**Task**
Take the material below and output exactly the run of lines from the one containing "MULARGIA. L'acqua della" down to the one containing "從上面柱狀圖中可以看出,圖書", with both included.

**Exercise data**
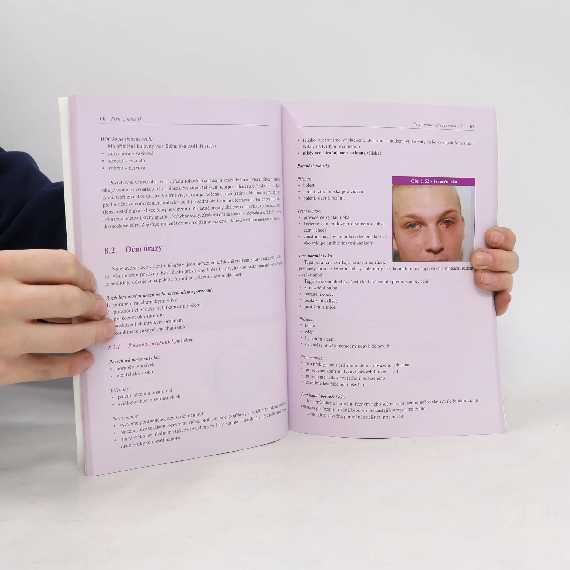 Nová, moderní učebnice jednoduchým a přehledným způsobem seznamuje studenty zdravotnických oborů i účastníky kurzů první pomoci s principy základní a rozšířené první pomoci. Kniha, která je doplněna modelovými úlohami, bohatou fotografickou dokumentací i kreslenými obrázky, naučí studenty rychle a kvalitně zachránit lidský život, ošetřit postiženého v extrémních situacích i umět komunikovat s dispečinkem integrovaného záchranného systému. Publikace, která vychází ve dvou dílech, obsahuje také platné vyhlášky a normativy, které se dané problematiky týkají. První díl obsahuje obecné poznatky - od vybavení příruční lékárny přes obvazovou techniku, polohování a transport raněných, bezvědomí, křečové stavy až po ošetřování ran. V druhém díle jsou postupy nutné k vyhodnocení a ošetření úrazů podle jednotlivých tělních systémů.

...

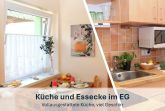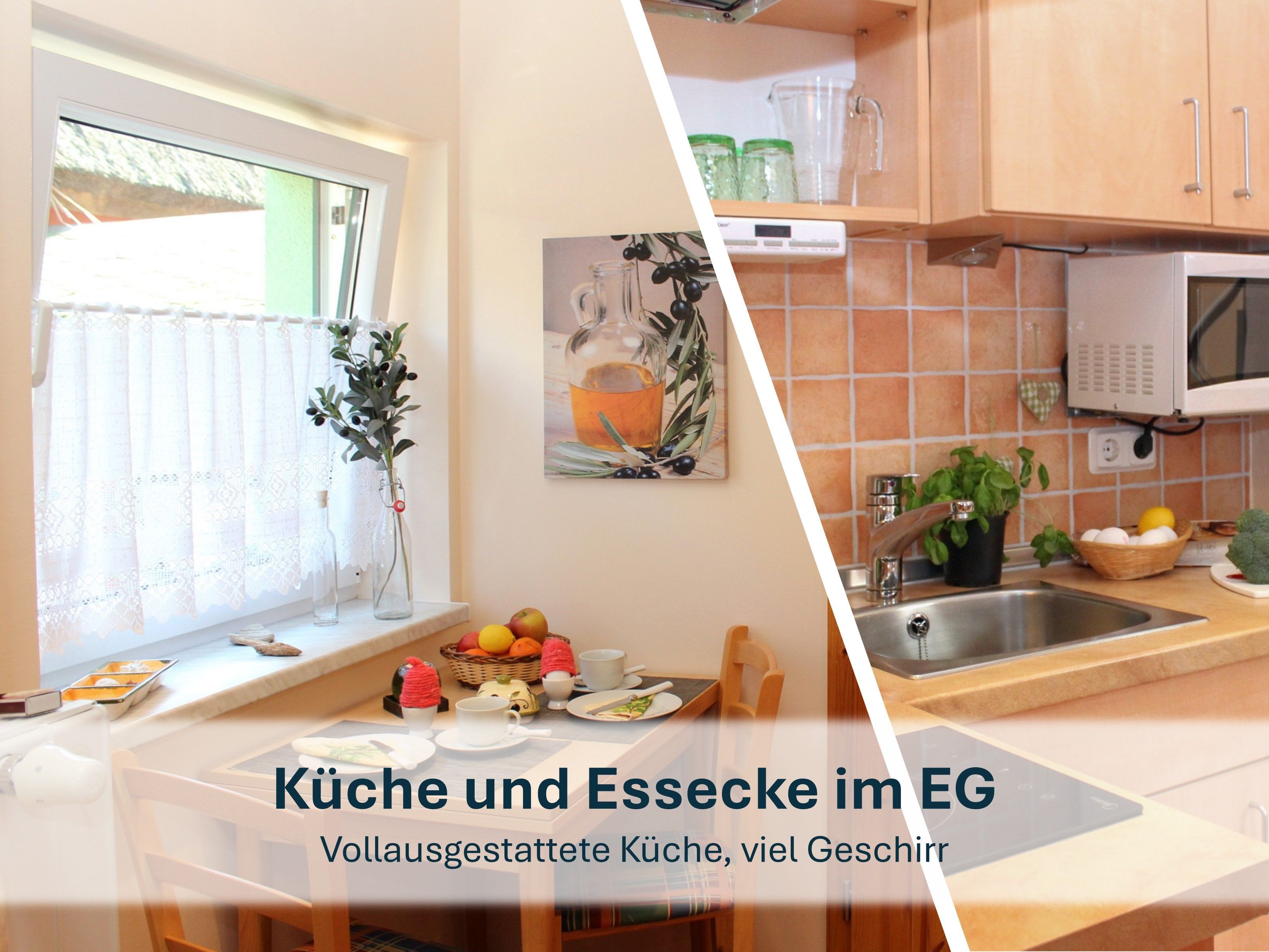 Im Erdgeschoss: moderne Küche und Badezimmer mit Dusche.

* * *

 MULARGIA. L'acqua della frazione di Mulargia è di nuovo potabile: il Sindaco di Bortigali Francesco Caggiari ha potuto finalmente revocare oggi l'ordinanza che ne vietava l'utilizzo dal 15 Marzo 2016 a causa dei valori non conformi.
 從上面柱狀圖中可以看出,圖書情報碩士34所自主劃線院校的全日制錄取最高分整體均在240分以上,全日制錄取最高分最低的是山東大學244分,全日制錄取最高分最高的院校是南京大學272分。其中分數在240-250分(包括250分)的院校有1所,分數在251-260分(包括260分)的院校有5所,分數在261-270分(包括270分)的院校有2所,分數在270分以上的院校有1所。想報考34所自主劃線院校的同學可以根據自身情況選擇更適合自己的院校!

**Task result**
 MULARGIA. L'acqua della frazione di Mulargia è di nuovo potabile: il Sindaco di Bortigali Francesco Caggiari ha potuto finalmente revocare oggi l'ordinanza che ne vietava l'utilizzo dal 15 Marzo 2016 a causa dei valori non conformi.
 從上面柱狀圖中可以看出,圖書情報碩士34所自主劃線院校的全日制錄取最高分整體均在240分以上,全日制錄取最高分最低的是山東大學244分,全日制錄取最高分最高的院校是南京大學272分。其中分數在240-250分(包括250分)的院校有1所,分數在251-260分(包括260分)的院校有5所,分數在261-270分(包括270分)的院校有2所,分數在270分以上的院校有1所。想報考34所自主劃線院校的同學可以根據自身情況選擇更適合自己的院校!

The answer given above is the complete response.